Every couple fights. It’s a fact of life! Arguing in a relationship helps to vent feelings and can even be healthy for a relationship.
Unfortunately, not everyone fights fair. Lots of couples will start arguments with each other when it’s not even necessary and while the occasional fight is normal and healthy, fighting all the time can take a toll on your relationship.
How can you avoid a fight when you’re really just trying to have a discussion?
Dear Dan and Jennifer,
My partner and I fight a lot. Sometimes it gets really out of hand and we both end up feeling really bad afterwards, especially if the fight was over something stupid.
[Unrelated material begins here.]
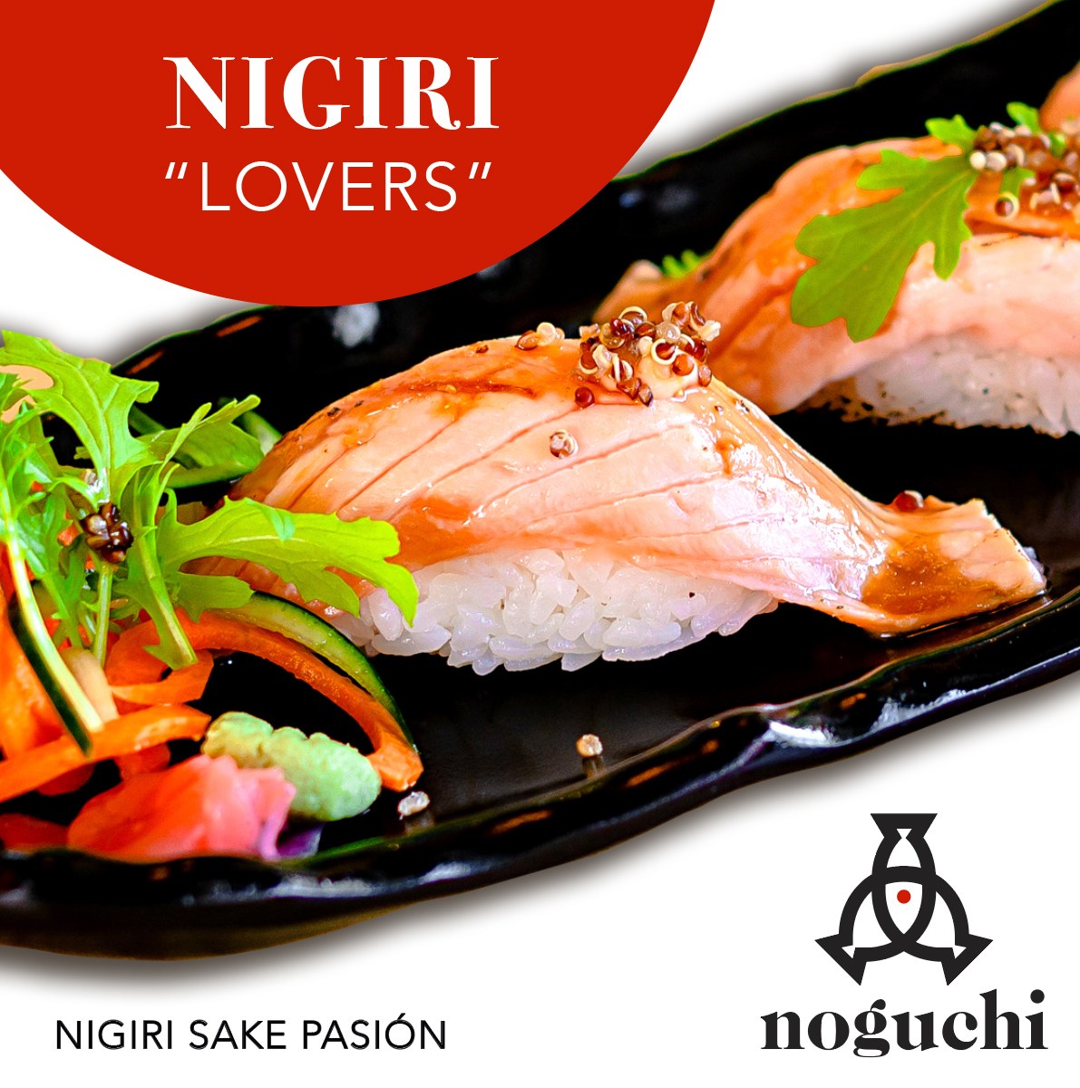 Nigiris de salmón, flambeados con salsa de maracuyá y ají.

How can I learn to fight fair?
Both men and women in a relationship will often go on the attack when they’re upset about something. It’s common for someone to place blame on their partner when they’re upset, especially if their partner did something that really bothered them. Unfortunately, going on the attack like this and placing blame on your partner is usually what starts a fight.
Even if you’re trying to discuss something with your partner, if you place blame at all, your partner is automatically going to go on the defensive. They will counter by placing blame on you, escalating to the argument until it is beyond the point of return.
You can avoid this if you approach your partner about the situation without blame and simply tell them how you feel or how something that happened made you feel.
Instead of saying something like, “I can’t believe you did this,” you can say, “When you did this, it made me feel . . . . ” Instead of placing blame and fault on your partner for doing something, giving them a chance to really understand how you feel.
This keeps a discussion a discussion instead of an argument or fight.